Some of the questions reveal that some of the entrepreneurs do not have a clue about the real world.  Many of the answers are shallow and reflect a “gut response” to complicated issues.

On more than one occasion, someone has asked for the best book to read to help make them a successful businessperson or to teach them how to successfully market their product.  There seems to be an attitude, especially among the younger entrepreneurs, that they can learn all they need to learn without a business school education or any practical experience.

As it should be, many of the entrepreneurs are younger millennials and many of the advisors are older baby-boomers, like me.  I am surprised how many times that the advice offered by these older executives is “pooh-poohed”.  There is an obvious attitude that baby-boomers do not understand technology or the “new” financial markets.  Nothing could be more foolish.

Baby-boomers after all created both Apple and Microsoft, were the first users of their products and invested in their IPOs.  Similarly, when Genentech did its IPO in the mid-1980s baby-boomers did not have much difficulty understanding “genetically engineered pharmaceuticals” even though they were a cutting edge concept at the time.

At the same time the idea that the financial markets have fundamentally changed is just wrong. If you are looking for funding for your start-up you are probably not going to ask millennials for money because they do not seem to have a lot of it.  Baby-boomers, on the other hand, poured billions into tech stocks in the 1990s and still do.

There are actually a few angel investors on Founders Dating who are happy to tell entrepreneurs what they are looking for in a start-up and how they think a start-up should structure its pitch to investors.    You would think that the entrepreneurs who are looking for funds would value the advice of people with money to invest, but it is not apparent that they do.

Again, there are people who have read one or two books on the subject who claim to know better.  They are telling the entrepreneurs what they want to hear, not what they need to know.

Many inquirers seek specific advice about legal or tax issues.  I always advise them to seek their own legal counsel.  General answers to general legal questions rarely apply in all cases. In many cases questioners are referred to forms or templates which may or may not get the job done.

In one case, a questioner asked about the tax ramifications of using independent contractors as opposed to employees.  It was not a foolish question but it elicited a foolish and dangerous response.

I am not a tax specialist but I do know that the IRS has a specific guideline for determining who is an employee and who is an independent contractor. The guideline contains a list of about 20 things the IRS considers and will apply should you get audited.  I told the questioner to consult his accountant and follow the IRS guideline.

Almost immediately, another person chimed in to tell me that I was an idiot to follow the IRS guidelines or to recommend that anyone should. That person had apparently done so, hired a slew of independent contractors and the IRS penalized him anyway.

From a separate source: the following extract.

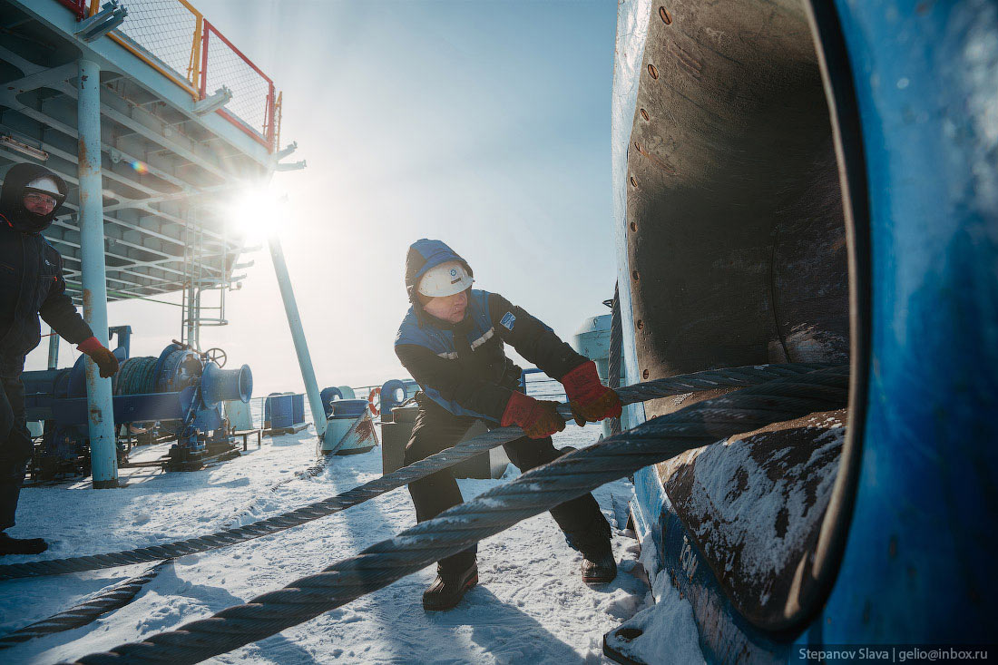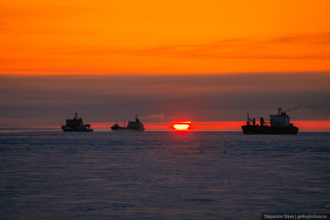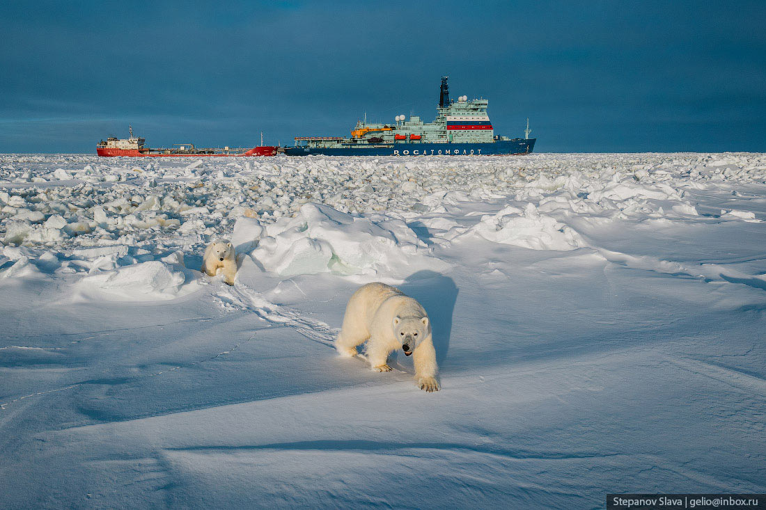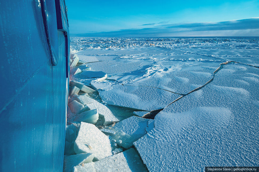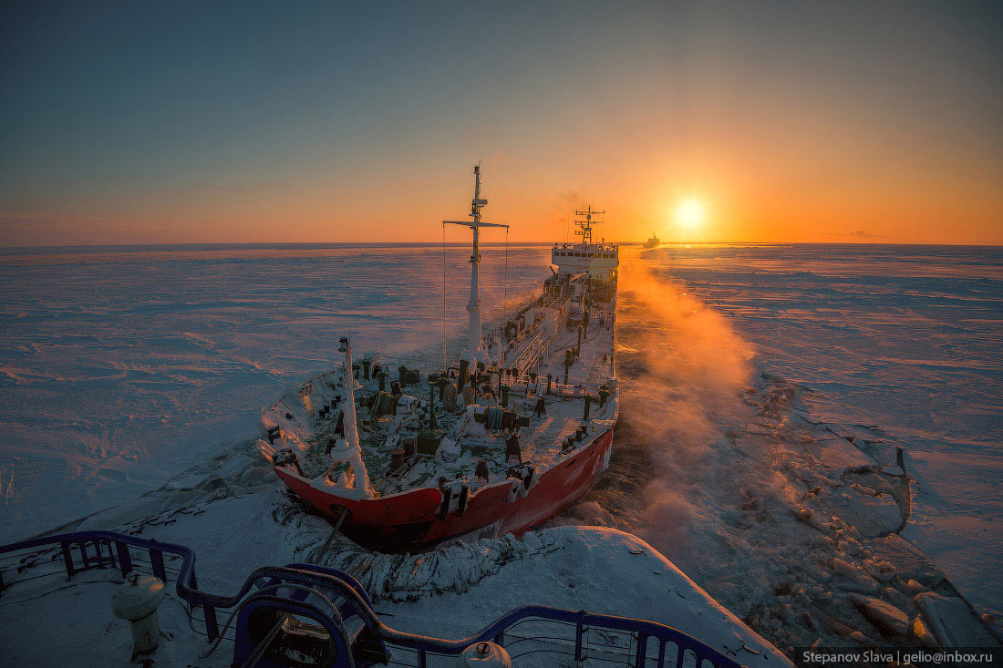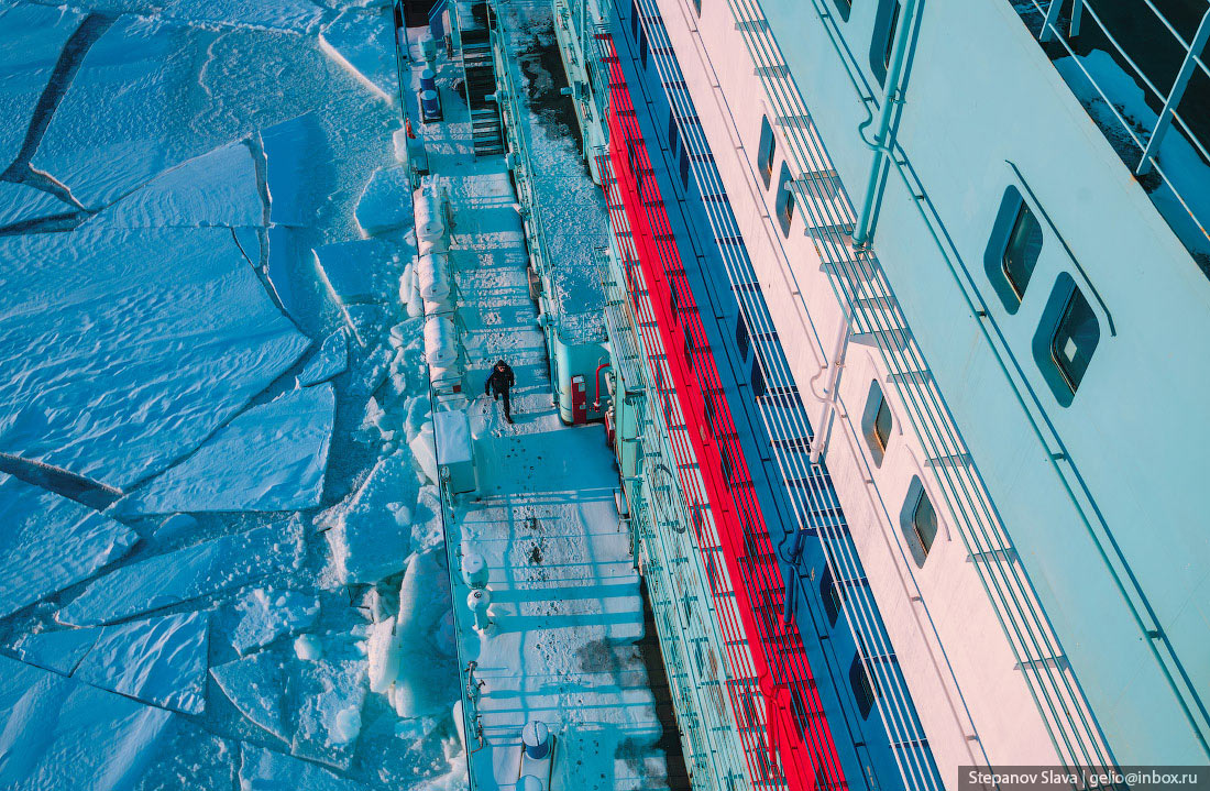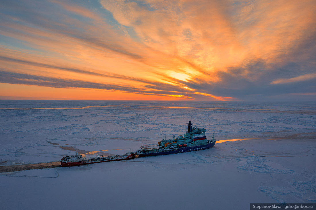 Фотографии и текст Славы Степанова 1. Россия — единственная страна в мире, которая обладает атомным ледокольным флотом. Атомные ледоколы обеспечивают безопасное судоходство в Арктике, это ключевое звено в работе на Северном морском пути. Арктикой называют всю область планеты за Северным полярным кругом. Площадь российского сектора около 9 млн квадратных километров. Это очень перспективная территория как по полезным ископаемым, так и в плане транспортного пути. Именно здесь находятся одни из крупнейших газовых и газоконденсатных месторождений, а Северный морской путь позволяет перевозить грузы между Европой и странами Азиатско-Тихоокеанского региона по кратчайшему судоходному маршруту. И в большинстве арктических проектов участвует атомный ледокольный флот.

My first thought, of course, was that he had not followed the guideline correctly or that there was more to the story than he was telling.  Whatever the truth, he was adamant in his advice to the questioner that following the IRS guideline was useless.  He was so adamant and made such a compelling argument that I called a tax attorney I know to ask if the IRS had changed its mind or if my advice to follow the guideline was misplaced.  He assured me that any competent tax professional would have given the advice that I did. But how would the person who asked the question know that?

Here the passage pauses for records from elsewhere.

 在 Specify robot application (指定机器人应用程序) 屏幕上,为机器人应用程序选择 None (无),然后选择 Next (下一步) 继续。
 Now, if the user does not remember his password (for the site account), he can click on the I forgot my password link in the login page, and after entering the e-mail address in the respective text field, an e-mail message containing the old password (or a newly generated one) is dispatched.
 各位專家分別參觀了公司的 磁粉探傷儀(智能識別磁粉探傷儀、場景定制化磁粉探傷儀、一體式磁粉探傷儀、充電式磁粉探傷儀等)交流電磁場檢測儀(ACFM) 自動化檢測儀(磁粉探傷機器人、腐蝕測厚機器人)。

I look at Founders Dating as way of doing pro-bono work. When I am speaking with an entrepreneur I give the same advice for free that I would give to a large established company that was paying my normal hourly rate.

One of the hazards of the information age is that there is so much bad information out there.  Founders Dating is a good idea, but it needs some mechanism to filter the good information from the bad or the recipients of the information will get nothing of value.